Data exploration

The data exploration was done in a notebook found at notebooks/1.0-TD-data-exploration.ipynb

After loading the dataset and doing a quick overview of what is in it, we decided to first take a look at the Target feature.

Target feature analysis

We can see that they are a lot more negative target (value of 0, which mean that the applicant haven’t been able to repay the loan) than positive target (value of 1, the opposite)

After that we decided to prepare the data processing by looking at the missing values :

Missing values overview

To see the values that were missing, we created a small python program that would count the missing values for each columns and displays them as a percentage in a pandas dataframe

def missing_values_table(df):

    missing = df.isnull().sum()

    percent = 100 * df.isnull().sum() / len(df)

    table = pd.concat([missing, percent], axis=1)

    table_rename = table.rename(columns = {0: 'Number of missing values',1: '% of Total Values'})

    return table_rename[table_rename['Number of missing values'] > 0]

Here is what we got in decreasing order for the training set and the testing set :

Unique values overview

To prepare feature engineering, we needed some insight on the unique values for each columns so we created this python code.

def unique_df(df):

    number_unique = []

    for column in df.columns:

        number_unique.append(df[column].nunique())
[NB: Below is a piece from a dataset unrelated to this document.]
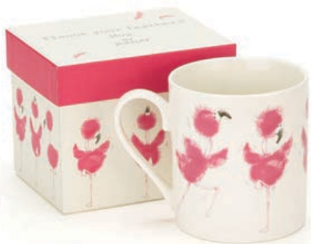
MUG FYF4MG 10 x 12 x 9.5cm (packaged)

    df_unique = pd.DataFrame(zip(df.columns, number_unique, [str(dtype) for dtype in df.dtypes]),
                            columns = ["Column name", "Nbr of Unique Values", "Data Type"])
    return df_unique

This code count the unique values and data type for each column, we will be using it to aim our feature engineering.

Correlations

We also tried to see the columns that were strongly correlated with the target feature with pandas’ .corr() function.